[Recorded data]
>>>

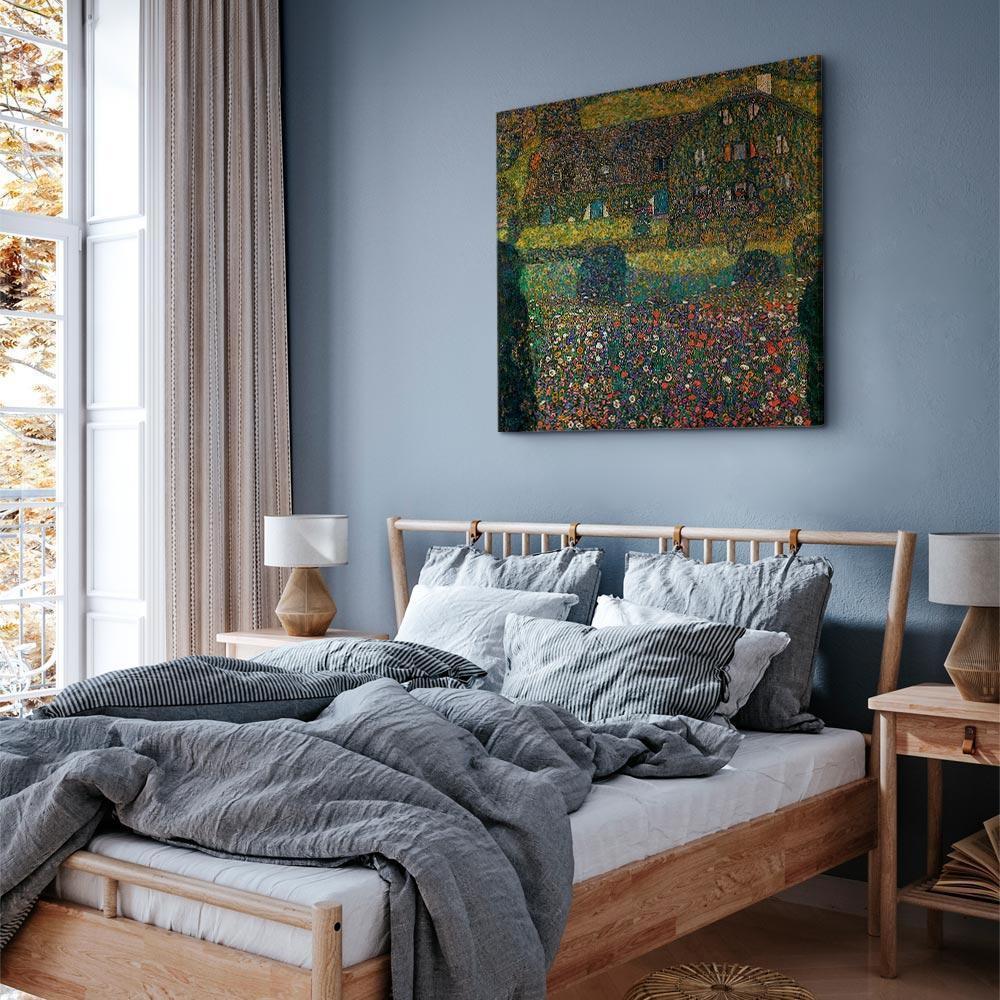 Unsere Bilder sind sicher und geruchsneutral und eignen sich daher ideal für Kinderzimmer. Die Größe wird Ihr Kind sicher beeindrucken! Bilder für Schlafzimmer sind ein echter Blickfang, genauso wie Bilder Wohnzimmer. Dekorieren Sie die Wände in Ihrem privaten Bereich mit einem Bild "Leinwandbild - Gustav Klimt – Country House on the Attersee Lake". Wir empfehlen Bilder für Schlafzimmer , die Sie beruhigen und in eine erholsame Stimmung versetzen. Bilder aus unserer Kollektion werden Ihrem Interieur eine außergewöhnliche Atmosphäre verleihen. Unabhängig vom Raum schaffen auch Kunst Bilder eine gemütliche Atmosphäre für die Gäste. Massive Holzrahmen unterstreichen den einzigartigen Charakter der Schlafzimmerbilder, und ein schneller und sicherer Versand ist ein weiterer Vorteil, der für diese Wanddekorationen spricht Leinwandbilder sind in fünf Varianten erhältlich, sodass jeder Kunde die perfekte Option für seine Bedürfnisse findet.Die Variante auf Strukturleinwand (Standard) ist eine universelle Dekoration, die das Haushaltsbudget nicht belastet.Für Liebhaber edler Materialien ist ein Druck auf italienischer Leinwand aus 100 % Baumwolle die ideale Wahl.Und für Fans der Malerei? Hier überzeugt die außergewöhnliche Premium-Print-Technik – ein Bild, das auf Strukturleinwand gedruckt und von Hand mit einer Schicht transparenten Gels überzogen wird, die die Pinselstriche eines Künstlers imitiert – ein „wie gemalt“-Effekt, aber zu einem günstigeren Preis.Die Variante im soliden Holzrahmen des Typs American Box mit Tiefeneffekt (zwei Rahmenfarben zur Auswahl, Motiv auf Strukturleinwand gedruckt) bietet eine klassische Lösung in neuer Form.Das Akustikbild (Druck auf Strukturleinwand mit einer zusätzlichen Schicht schallabsorbierendem Schaumstoff) ist dagegen ein Volltreffer für alle, die Ästhetik mit Funktionalität verbinden möchten.Zwar sind die beiden letzten Optionen nur für bestimmte Größen von einteiligen Bildern verfügbar, doch bei allen Varianten legen wir GRATIS die erforderliche Anzahl an Haken und Nägeln zur Montage bei.
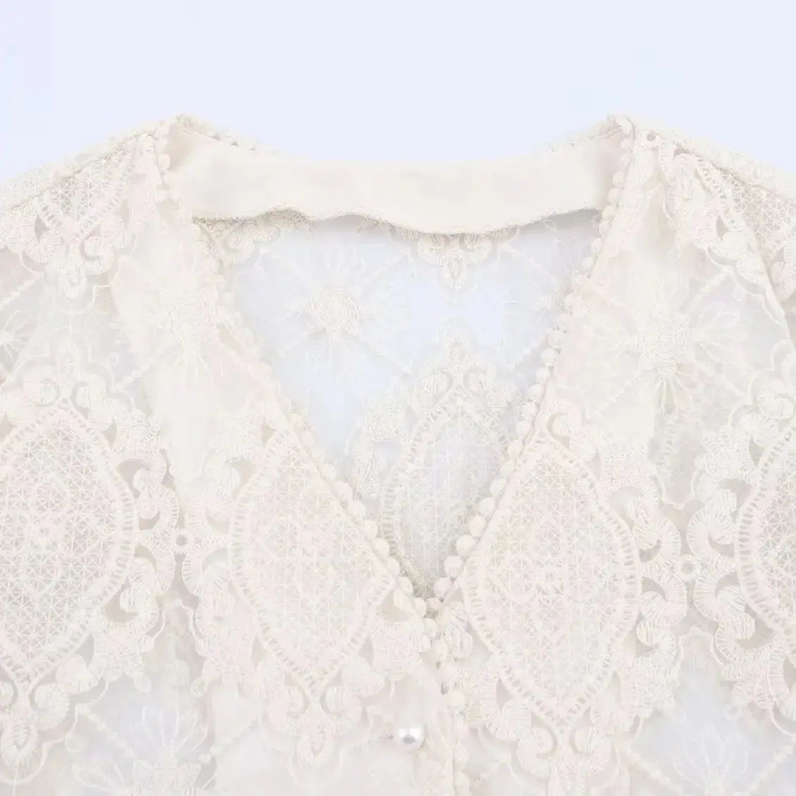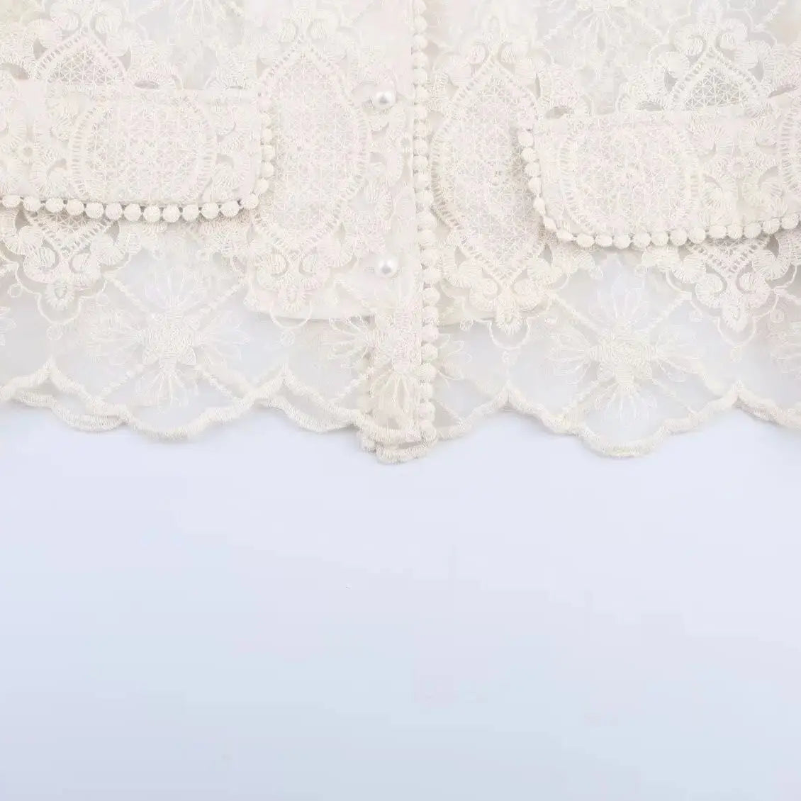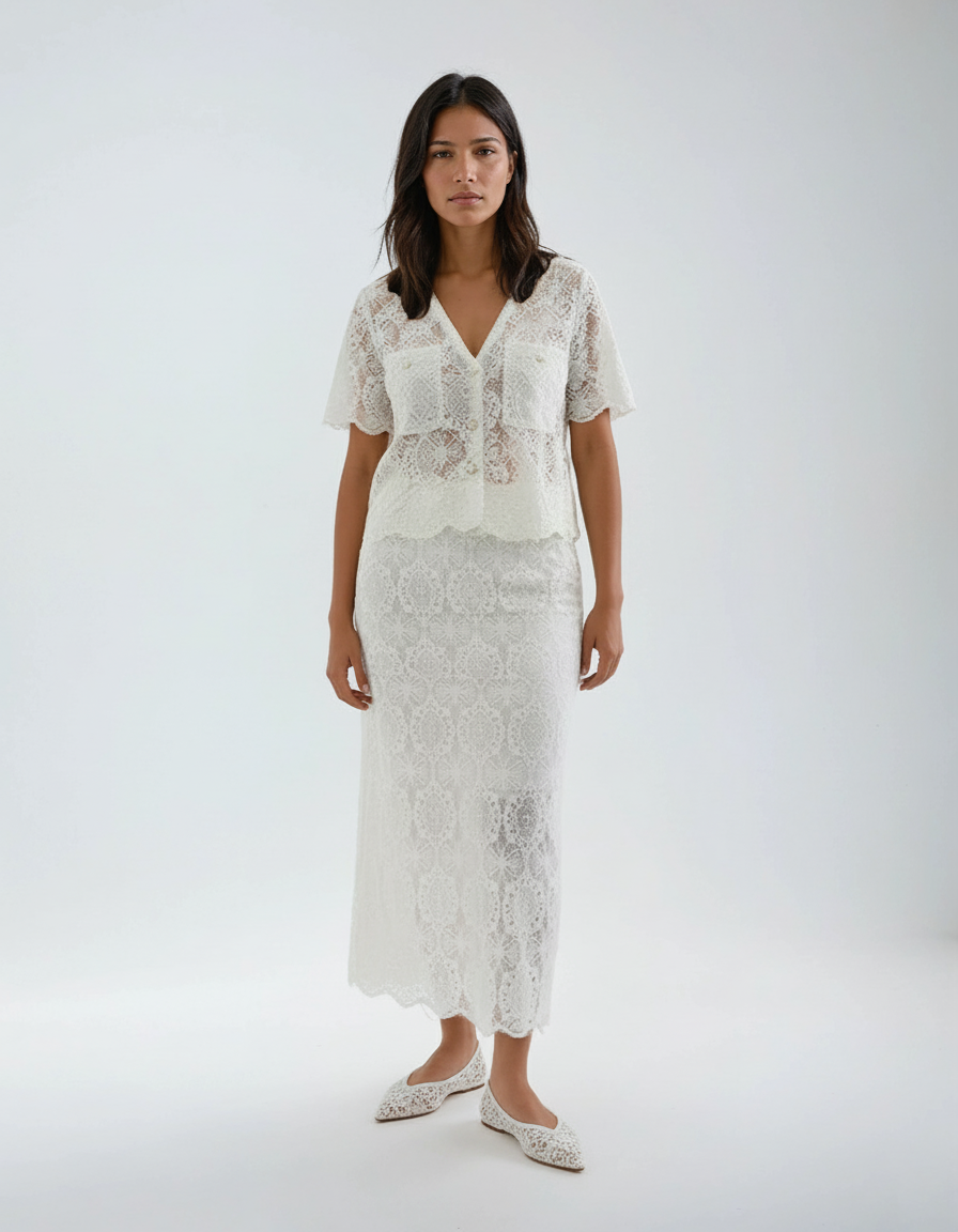 A delicate balance of flirtation and finesse, this breezy two-piece set features a cropped mesh-embroidered shirt and a sleek rear-split midi skirt. The top is tailored with a V-neckline, short sleeves, and a single-breasted closure that hits just above the waist—ideal for showcasing the matching high-rise skirt. The straight tube silhouette and discreet rear slit offer a refined yet breathable structure perfect for warmer seasons.
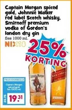 Bekijk nu de Captain Morgan spiced gold, Johnnie Walker red label Scotch whisky, Smirnoff premium vodka of Gordon's london dry gin fles 1000 ml. aanbieding in de Boon's Markt folder. Deze aanbieding is geldig van 20-04-2025 tot en met 27-04-2025.
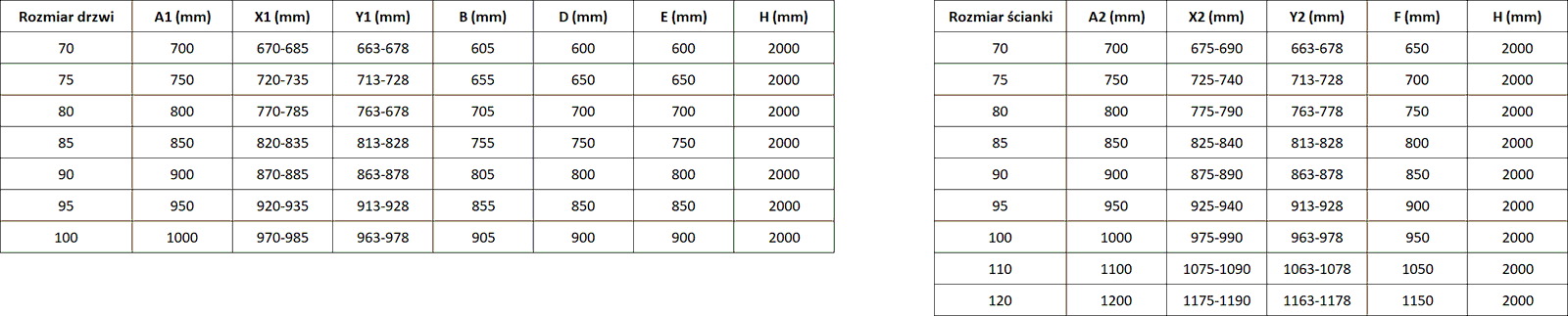 Размер: 70x100 см (дясна врата 70 см, стена 100 см)
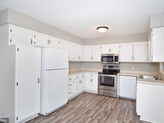 Amazing opportunity to own this fantastic spacious rambler in NW Coon Rapids (near Andover border) walking distance to parks, minutes from Hwy 10, Riverdale shopping, & restaurants. Freshly painted interior and new vinyl plank flooring in kitchen and new carpet throughout, 4 bedrooms and 2 baths including private 3/4 master bath, 3 large bedrooms on the main level with large closets, newly tiled baths, eat-in kitchen with white cabinets, pantry, & sliding doors to patio, newer vinyl windows throughout, full basement with large 4th bedroom & family room, new water heater Dec 2020, well for irrigation, extra large 24 x 24 insulated garage (built in 2001) with shelving and cable & sound wired to LR in home, concrete edged yard & freshly mulched (March 2021), completely fenced yard, & mature trees. This clean rambler has been well-cared for and is move-in ready! Home has been pre-inspected by Amerispec.
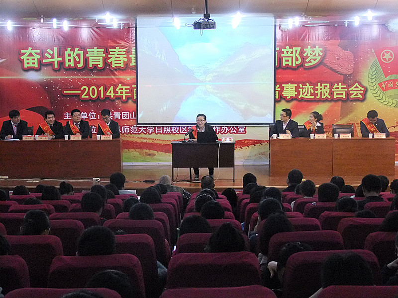 4月25日下午,日照校区图书馆报告厅座无虚席,掌声阵阵,由共青团山东省委志愿者工作部主办、万象城官方网站日照校区学生工作办公室承办的“奋斗的青春最美丽·炫我西部梦”——2014年西部计划优秀志愿者事迹报告会在这里隆重举行。共青团新疆维吾尔自治区委志愿者工作部部长李鑫,共青团山东省委志愿者行动指导中心综合部副部长陈宝军,万象城官方网站日照校区机关党总支书记、学生工作办公室主任孔令军、各院系团总支书记以及学生代表认真聆听了报告。
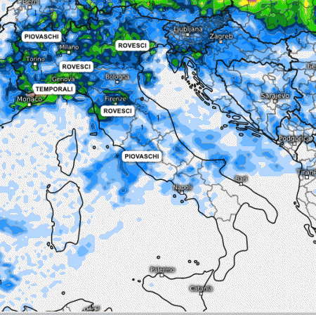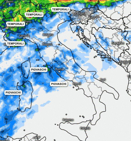 Temporali al mattino sul Golfo Ligure, in attenuazione nel pomeriggio e spostamento verso le altre aree del settentrione anche se più attenuati. Qualche rovescio è atteso anche sulla Toscana e sul Lazio, per il resto nubi in aumento, ma scarsi fenomeni.
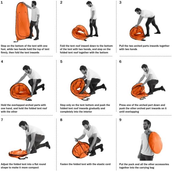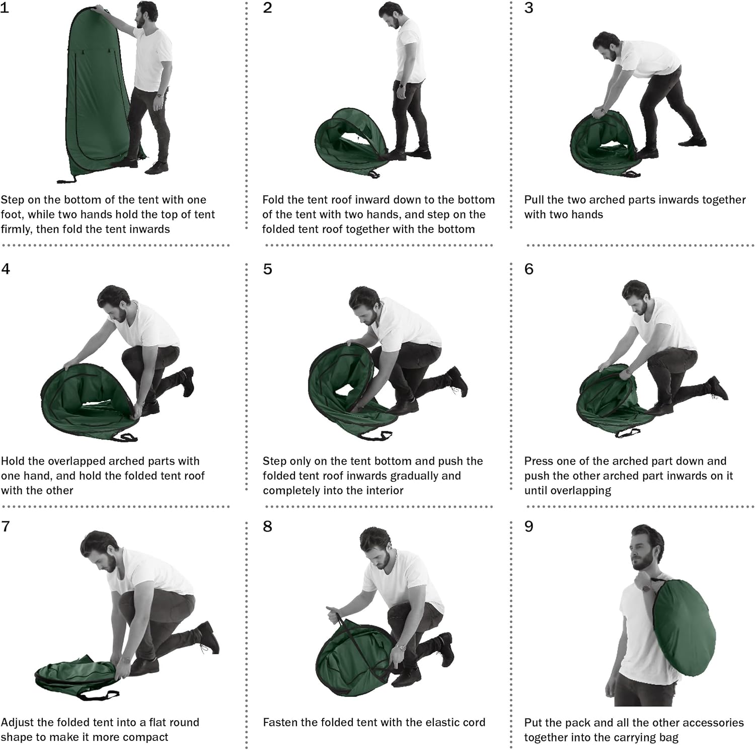 • POP UP INSTALLATION - This tent automatically pops open in seconds with no assembly required. The dual-sided zippered door of this portable shower tent can be shut for privacy or rolled and held open with the attached loop and toggles.
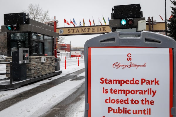 The Calgary Stampede grounds sit closed on March 18, 2020.Jeff McIntosh/The Canadian Press
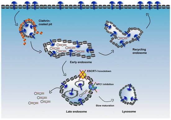 To increase the efficiency of endosomal escape, emerging strategies aim to delay endosome maturation of non-recycling vesicles, thus increasing retention of cargoes in these vesicles and avoiding fast degradation in lysosomes []. For example, the endosomal sorting complex required for transport-I (ESCRT-I) plays a critical role in the maturation and trafficking of endosomal cargoes, and, when ESCRT-I is associated with other accessory proteins, it is involved in the generation of particular late endosomes, i.e. multivesicular bodies (MVBs). By knocking down two components of ESCRT-I (i.e., TSG101 and VPS28), Wagenaar et al. observed that delivered antagomiR able to downregulate the oncogenic miRNA-21 displayed increased cytotoxic effect and tumor regression in vivo [].
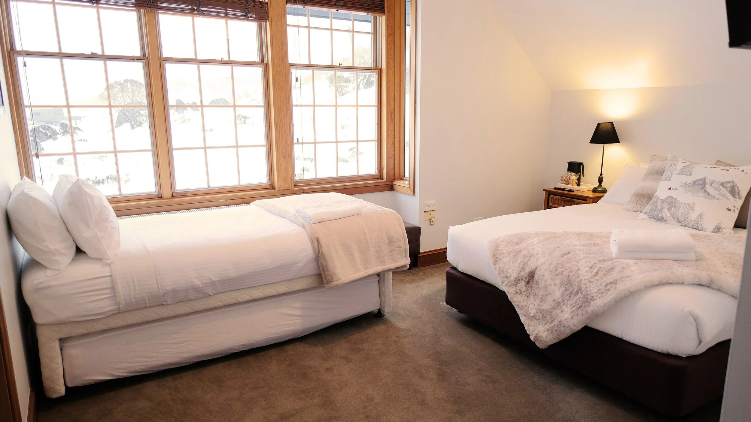 The Townsend room is one of our most spacious, offering beautiful views of Perisher Valley and a bath-over-shower ensuite. It’s ideal for bookings of three guests.
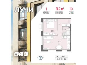Продается 1-комнатная квартира общей площадью 36.7 кв. метров на 13 этаже жилого комплекса Лучи.
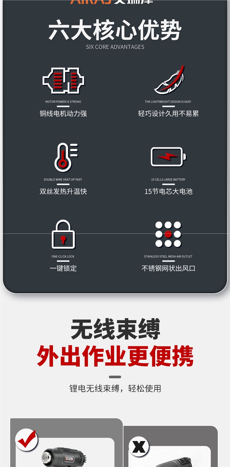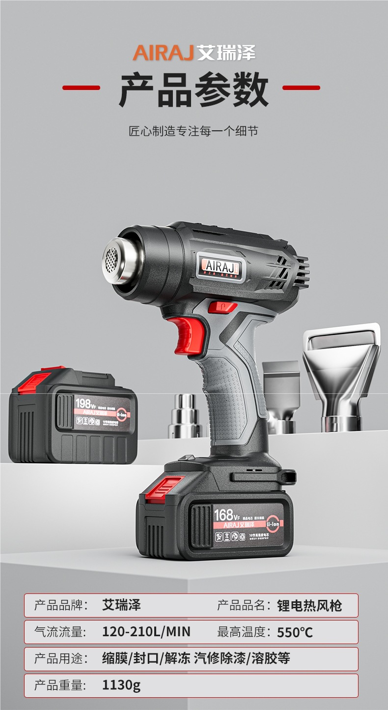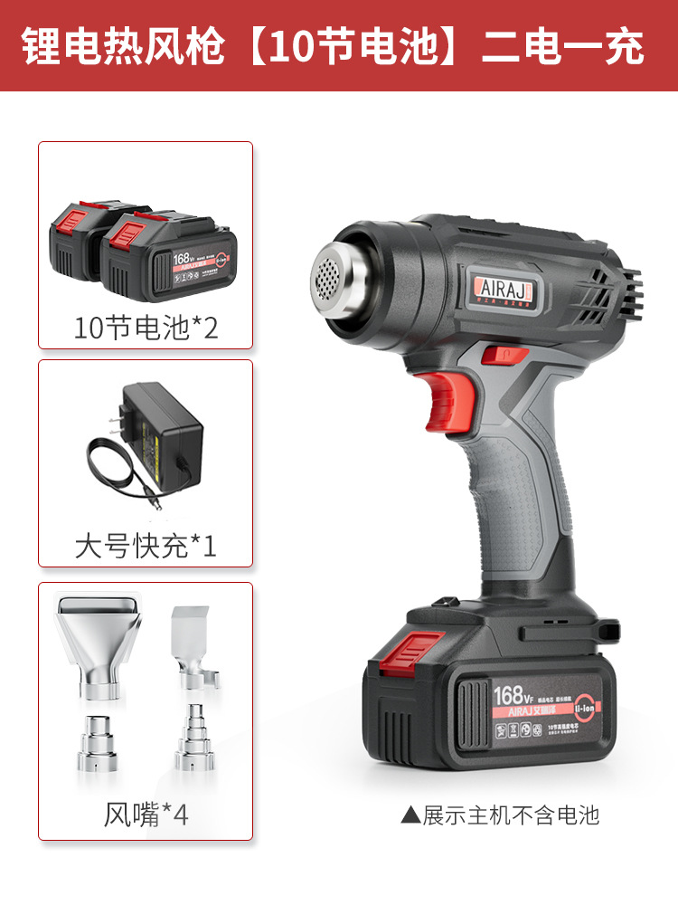 • 리튬 전기 히트건❤[강력한 배터리 셀 10개] 배터리 2개, 1회 충전 시 에어 노즐 4개 제공
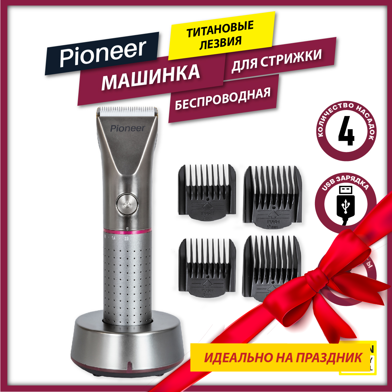 Машинка для стрижки Pioneer беспроводная портативная, 4 насадки 3 мм, 6 мм, 9 мм и 12 мм, USB-кабель, титановые лезвия интересное:
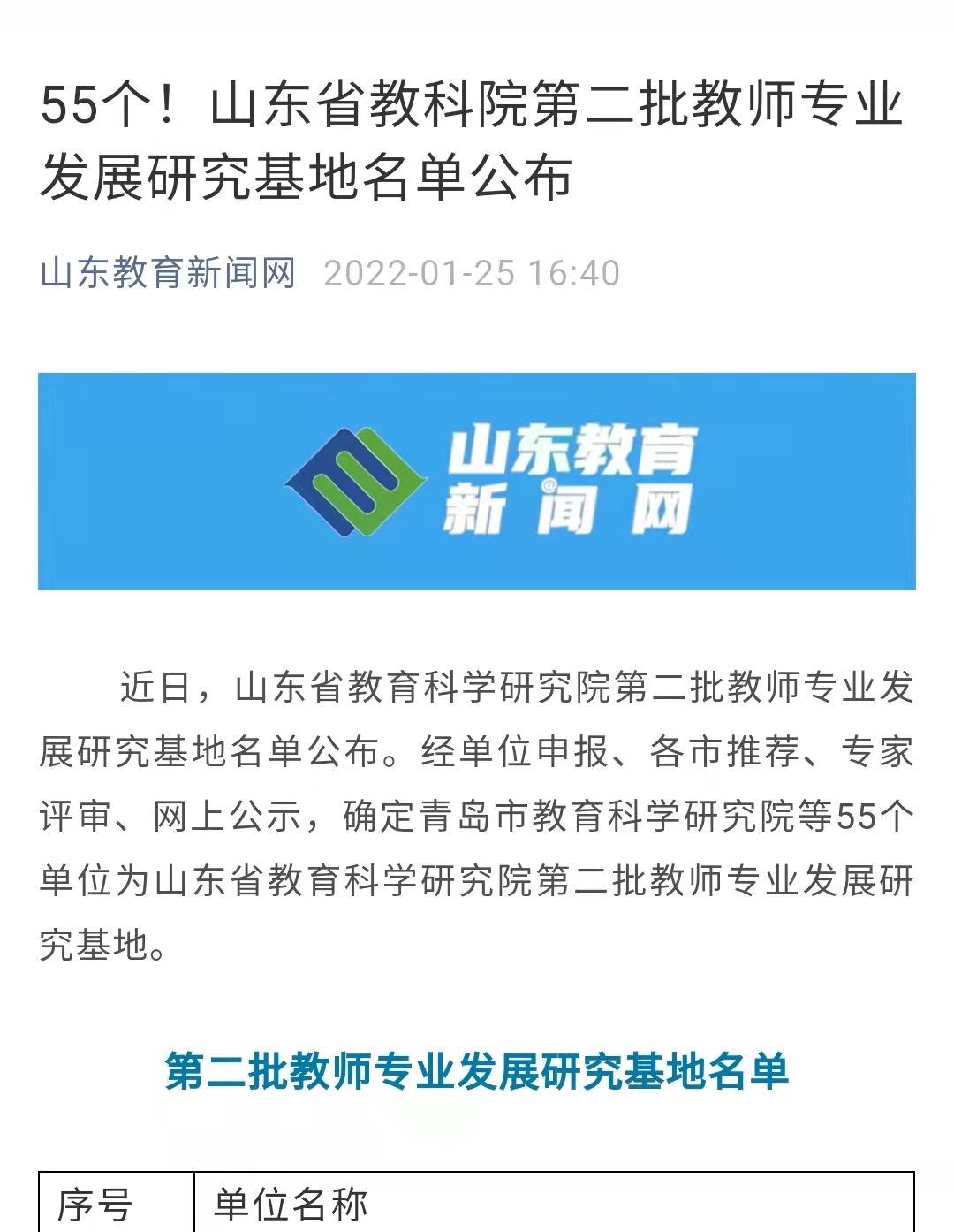 近日,山东省教育科学研究院第二批教师专业发展研究基地名单公布。经单位申报、各市推荐、专家评审、网上公示,确定青岛市教育科学研究院等55个单位为山东省教育科学研究院第二批教师专业发展研究基地。东营市第一中学光荣入选。

<<<

Task directions:
Above are records; write out the lines from the one with "Размер: 70x100 см" down to the one with "The Calgary Stampede", exactly, leaving the pictures out.

Answer for this exercise:
 Размер: 70x100 см (дясна врата 70 см, стена 100 см)
 Amazing opportunity to own this fantastic spacious rambler in NW Coon Rapids (near Andover border) walking distance to parks, minutes from Hwy 10, Riverdale shopping, & restaurants. Freshly painted interior and new vinyl plank flooring in kitchen and new carpet throughout, 4 bedrooms and 2 baths including private 3/4 master bath, 3 large bedrooms on the main level with large closets, newly tiled baths, eat-in kitchen with white cabinets, pantry, & sliding doors to patio, newer vinyl windows throughout, full basement with large 4th bedroom & family room, new water heater Dec 2020, well for irrigation, extra large 24 x 24 insulated garage (built in 2001) with shelving and cable & sound wired to LR in home, concrete edged yard & freshly mulched (March 2021), completely fenced yard, & mature trees. This clean rambler has been well-cared for and is move-in ready! Home has been pre-inspected by Amerispec.
 4月25日下午,日照校区图书馆报告厅座无虚席,掌声阵阵,由共青团山东省委志愿者工作部主办、万象城官方网站日照校区学生工作办公室承办的“奋斗的青春最美丽·炫我西部梦”——2014年西部计划优秀志愿者事迹报告会在这里隆重举行。共青团新疆维吾尔自治区委志愿者工作部部长李鑫,共青团山东省委志愿者行动指导中心综合部副部长陈宝军,万象城官方网站日照校区机关党总支书记、学生工作办公室主任孔令军、各院系团总支书记以及学生代表认真聆听了报告。
 Temporali al mattino sul Golfo Ligure, in attenuazione nel pomeriggio e spostamento verso le altre aree del settentrione anche se più attenuati. Qualche rovescio è atteso anche sulla Toscana e sul Lazio, per il resto nubi in aumento, ma scarsi fenomeni.
 • POP UP INSTALLATION - This tent automatically pops open in seconds with no assembly required. The dual-sided zippered door of this portable shower tent can be shut for privacy or rolled and held open with the attached loop and toggles.
 The Calgary Stampede grounds sit closed on March 18, 2020.Jeff McIntosh/The Canadian Press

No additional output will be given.